WN: You founded a Facebook group called Iraqi Diaspora Creatives. What is the idea behind forming this group and how has been the response?
HA: Yes, it was born of my frustration with finding diasporas Iraqi voices in the arts both globally and in Australia. I was looking for someone to mentor me through a play that relied a lot on understanding Iraqi diaspora culture and found it immensely difficult to find anyone overseas and in Australia. I knew that there were people out there and was determined to find them. I had thought about forming some kind of network for a while and so finally did it and called it the Iraqi Diaspora Creatives Network. I was lucky to have another online Iraqi focused page, ‘Shakomakodotnet’ to cross promote the network on their page and had a rush of a few hundred people follow the instagram page and join the Facebook group. It’s going much better than I anticipated and I’m really happy about that.

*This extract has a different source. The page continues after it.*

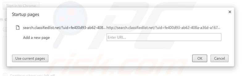 (at the top right corner of Google Chrome), select "Settings". In the "On startup" section, click "set pages", hover your mouse over hxxp://search.classifiedlist.net and click the x symbol. Now, you can add your preferred website as your homepage.

WN: You recently helped organize a letter to the creators of the series Baghdad Central. What was letter about and the purpose behind this campaign?
HA: Yes. I noticed very quickly while watching it that the Iraqi dialect sounded very forced or just wrong altogether. While the actors were Arab, admittedly a step in the right direction, there was only two actual Iraqis in the whole cast. I began to research the show and who was behind it and it quickly emerged that it was not written by Iraqis, but by middle aged white men, though it framed itself as being from an Iraqi perspective. The production company, Euston Films is alarmingly entirely made up of white people which inevitably means the profits of a supposed Iraqi story is going to non-Iraqis. This made me feel really uncomfortable. I opened up the conversation to the members of the Iraqi Diaspora Creatives Network and an overwhelming amount of them felt the same way. We were all felling fed up of being dismissed by the system and felt an urgency to speak out.
WN: Can you share the most rewarding aspects of being a writer?
HA: When someone feels moved or seen by something I’ve written. It’s always so heartwarming and motivates me to keep putting work out there.
WN: What advice would you give writers who are starting out?
HA: Write as much as possible and consume as many stories as possible in as any and all mediums. Allow yourself to respond emotionally to what you are consuming. Then sit back later and make an assessment of what you liked and didn’t like about the story, the techniques used or you wish they used. This way you exercise the muscle of analysis that is so precious to the process of writing and any kind of storytelling.